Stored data
□ □ □ □ □

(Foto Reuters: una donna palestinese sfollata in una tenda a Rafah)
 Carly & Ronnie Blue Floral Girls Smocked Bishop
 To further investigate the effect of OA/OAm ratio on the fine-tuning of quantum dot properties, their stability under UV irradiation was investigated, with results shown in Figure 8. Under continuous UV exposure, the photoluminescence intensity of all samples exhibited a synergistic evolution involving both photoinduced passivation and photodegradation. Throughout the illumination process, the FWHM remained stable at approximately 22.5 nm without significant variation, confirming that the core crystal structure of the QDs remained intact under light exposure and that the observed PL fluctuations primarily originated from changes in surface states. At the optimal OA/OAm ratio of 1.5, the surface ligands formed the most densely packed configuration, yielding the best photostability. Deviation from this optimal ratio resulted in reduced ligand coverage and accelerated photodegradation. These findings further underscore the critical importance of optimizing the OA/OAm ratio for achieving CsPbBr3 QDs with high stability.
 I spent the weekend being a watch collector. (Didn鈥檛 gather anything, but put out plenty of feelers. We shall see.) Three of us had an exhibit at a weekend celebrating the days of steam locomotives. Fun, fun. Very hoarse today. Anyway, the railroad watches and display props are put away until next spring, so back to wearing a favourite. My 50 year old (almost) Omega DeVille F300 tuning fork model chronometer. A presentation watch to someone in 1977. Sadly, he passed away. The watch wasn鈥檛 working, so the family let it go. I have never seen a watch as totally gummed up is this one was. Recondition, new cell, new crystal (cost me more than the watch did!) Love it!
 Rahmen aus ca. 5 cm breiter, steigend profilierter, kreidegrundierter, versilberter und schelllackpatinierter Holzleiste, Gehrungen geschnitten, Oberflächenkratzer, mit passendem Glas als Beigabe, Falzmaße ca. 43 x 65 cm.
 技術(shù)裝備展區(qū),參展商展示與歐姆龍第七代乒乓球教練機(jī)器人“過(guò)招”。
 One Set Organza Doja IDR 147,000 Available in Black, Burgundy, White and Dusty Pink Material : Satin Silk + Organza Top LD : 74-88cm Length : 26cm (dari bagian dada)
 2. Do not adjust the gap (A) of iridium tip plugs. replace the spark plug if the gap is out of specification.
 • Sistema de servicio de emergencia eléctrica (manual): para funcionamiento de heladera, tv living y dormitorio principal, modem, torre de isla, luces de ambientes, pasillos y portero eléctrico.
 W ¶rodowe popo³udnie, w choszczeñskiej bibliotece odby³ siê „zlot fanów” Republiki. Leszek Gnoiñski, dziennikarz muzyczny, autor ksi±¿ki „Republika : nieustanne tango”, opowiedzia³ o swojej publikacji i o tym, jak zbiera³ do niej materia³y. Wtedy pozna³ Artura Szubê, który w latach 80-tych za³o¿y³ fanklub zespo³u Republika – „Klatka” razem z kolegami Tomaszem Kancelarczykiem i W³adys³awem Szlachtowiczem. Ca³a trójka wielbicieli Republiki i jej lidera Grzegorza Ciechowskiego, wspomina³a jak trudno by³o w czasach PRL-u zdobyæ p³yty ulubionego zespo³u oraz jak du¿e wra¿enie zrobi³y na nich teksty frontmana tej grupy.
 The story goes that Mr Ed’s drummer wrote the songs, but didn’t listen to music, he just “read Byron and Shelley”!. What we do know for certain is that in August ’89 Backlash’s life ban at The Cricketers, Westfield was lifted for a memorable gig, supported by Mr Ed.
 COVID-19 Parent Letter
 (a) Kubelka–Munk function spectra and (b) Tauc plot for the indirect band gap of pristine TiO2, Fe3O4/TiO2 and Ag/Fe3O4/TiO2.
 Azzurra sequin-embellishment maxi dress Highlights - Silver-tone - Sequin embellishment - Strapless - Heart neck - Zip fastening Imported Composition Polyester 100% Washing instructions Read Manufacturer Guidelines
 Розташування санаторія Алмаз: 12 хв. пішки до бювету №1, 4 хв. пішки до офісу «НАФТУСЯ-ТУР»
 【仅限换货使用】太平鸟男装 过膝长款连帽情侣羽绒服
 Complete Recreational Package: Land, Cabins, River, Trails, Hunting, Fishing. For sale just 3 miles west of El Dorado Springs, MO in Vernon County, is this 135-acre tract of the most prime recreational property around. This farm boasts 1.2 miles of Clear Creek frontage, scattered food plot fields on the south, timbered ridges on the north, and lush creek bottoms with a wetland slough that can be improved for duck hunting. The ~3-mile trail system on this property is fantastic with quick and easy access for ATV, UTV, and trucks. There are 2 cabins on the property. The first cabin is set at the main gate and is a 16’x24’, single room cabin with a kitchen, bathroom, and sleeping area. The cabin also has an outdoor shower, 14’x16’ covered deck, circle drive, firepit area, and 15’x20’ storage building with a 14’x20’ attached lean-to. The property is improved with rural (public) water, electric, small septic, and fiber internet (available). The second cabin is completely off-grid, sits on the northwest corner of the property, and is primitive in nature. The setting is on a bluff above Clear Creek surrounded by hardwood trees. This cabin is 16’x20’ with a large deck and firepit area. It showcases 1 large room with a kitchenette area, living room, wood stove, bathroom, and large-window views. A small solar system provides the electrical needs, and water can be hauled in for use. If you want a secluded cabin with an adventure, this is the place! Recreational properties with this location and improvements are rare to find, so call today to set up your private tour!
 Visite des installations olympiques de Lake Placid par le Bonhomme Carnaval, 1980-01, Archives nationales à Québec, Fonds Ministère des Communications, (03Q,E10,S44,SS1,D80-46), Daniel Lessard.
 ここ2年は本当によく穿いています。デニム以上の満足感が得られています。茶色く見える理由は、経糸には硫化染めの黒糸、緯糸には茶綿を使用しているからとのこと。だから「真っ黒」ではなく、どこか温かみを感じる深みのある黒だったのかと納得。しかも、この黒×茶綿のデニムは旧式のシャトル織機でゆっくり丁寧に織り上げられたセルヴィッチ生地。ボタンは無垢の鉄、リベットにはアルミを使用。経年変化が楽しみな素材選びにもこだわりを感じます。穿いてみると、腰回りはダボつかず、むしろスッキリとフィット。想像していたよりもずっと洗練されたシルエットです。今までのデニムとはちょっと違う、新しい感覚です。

□ □ □ □ □

EXERCISE INSTRUCTIONS
Please set down exactly the lines running from the one with "Visite des installations" to the last line of the entries above, both of them included, and no others.

SOLVED EXERCISE
 Visite des installations olympiques de Lake Placid par le Bonhomme Carnaval, 1980-01, Archives nationales à Québec, Fonds Ministère des Communications, (03Q,E10,S44,SS1,D80-46), Daniel Lessard.
 ここ2年は本当によく穿いています。デニム以上の満足感が得られています。茶色く見える理由は、経糸には硫化染めの黒糸、緯糸には茶綿を使用しているからとのこと。だから「真っ黒」ではなく、どこか温かみを感じる深みのある黒だったのかと納得。しかも、この黒×茶綿のデニムは旧式のシャトル織機でゆっくり丁寧に織り上げられたセルヴィッチ生地。ボタンは無垢の鉄、リベットにはアルミを使用。経年変化が楽しみな素材選びにもこだわりを感じます。穿いてみると、腰回りはダボつかず、むしろスッキリとフィット。想像していたよりもずっと洗練されたシルエットです。今までのデニムとはちょっと違う、新しい感覚です。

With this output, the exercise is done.